單雨桐帶著寧馨告別離開。
我不經大腦地脫口,“單雨桐,你們要去哪兒?”
“去看電影吧,怎麼了?”單雨桐平靜地問。
我默默地搖頭。
這個世界,果然沒有誰少了誰是不能生存的道理。
我暗自嘲諷,這樣不好麼?
單雨桐和我在一起,隻會不斷受到傷害,他那顆心恐怕早已傷痕累累,早已殘破不堪了。
就這樣算了吧。
看著葉笙失魂落魄的樣子,寧馨不由得用力握著單雨桐的手。
單雨桐轉身拉著寧馨走了,心裏失落越擴越大,他鬆開寧馨的手,低低的說,“你先回家吧。我有點不舒服,先走了。”說罷,向前走去。
寧馨望著單雨桐的背影,就象一副色彩漸變的油畫,變得不甚清晰。露出悲哀的笑,為什麼,明明是我在你身邊;為什麼,你留給我的從來都是背影?

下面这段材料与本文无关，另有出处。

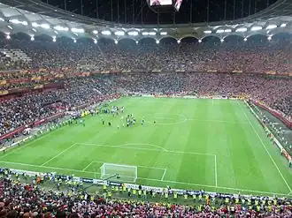 The stadium was inaugurated on 6 September 2011, with a UEFA Euro 2012 Group D qualifier match between Romania and France.[16] In the front of 49,137 fans, Romania and France drew 0–0. The result meant that Romania lost any chance of qualifying for the tournament, hosted by neighbours Ukraine and Poland.

送走了單雨桐他們,夏菡坐在沙發上,覷了我一眼,“魂,還在吧?”
我懶得理他,抱著蘋果啃著。
夏菡攬過我肩膀“你現在滿臉被男友甩的怨婦表情。”
見我不搭理,夏菡繼續煽風點火“葉笙,你生什麼氣?哎呀,哎呀~這頓飯就當被狗咬了一口嘛~是是我知道了!那不是重點!拜托把我的粉底液放下,那是我心愛的珍藏……啊啊,真是霸道的家夥,當初你不是也甩他來著?許你甩人家就不許人家甩甩你麼……對不起我錯了!你愛甩誰甩誰!誰敢甩你咱就弄死他!拜托把我的爽膚水放下,那個更貴……”
“我餓了。”折騰完夏菡後,我悶悶的喊
“剛吃完飯啊?”夏菡疑惑的問。
我眯起眼睛,
“是是,小的立刻帶你出去吃。中餐吃膩了吧?您辛苦了,走,咱們出去吃西餐去!”
“我想吃肉夾饃。”
“啥?”
“麵團,夾肉。”
“……咱們吃煎餅行麼?壓扁的麵團,裏麵有肉。”
“好吧。”
“街對麵就有賣的,去買吧,兜裏有錢嗎?沒有?來,這兒有一百塊錢,不夠的話門口的盤子裏還有硬幣。路上注意安全,回來咱倆分贓。”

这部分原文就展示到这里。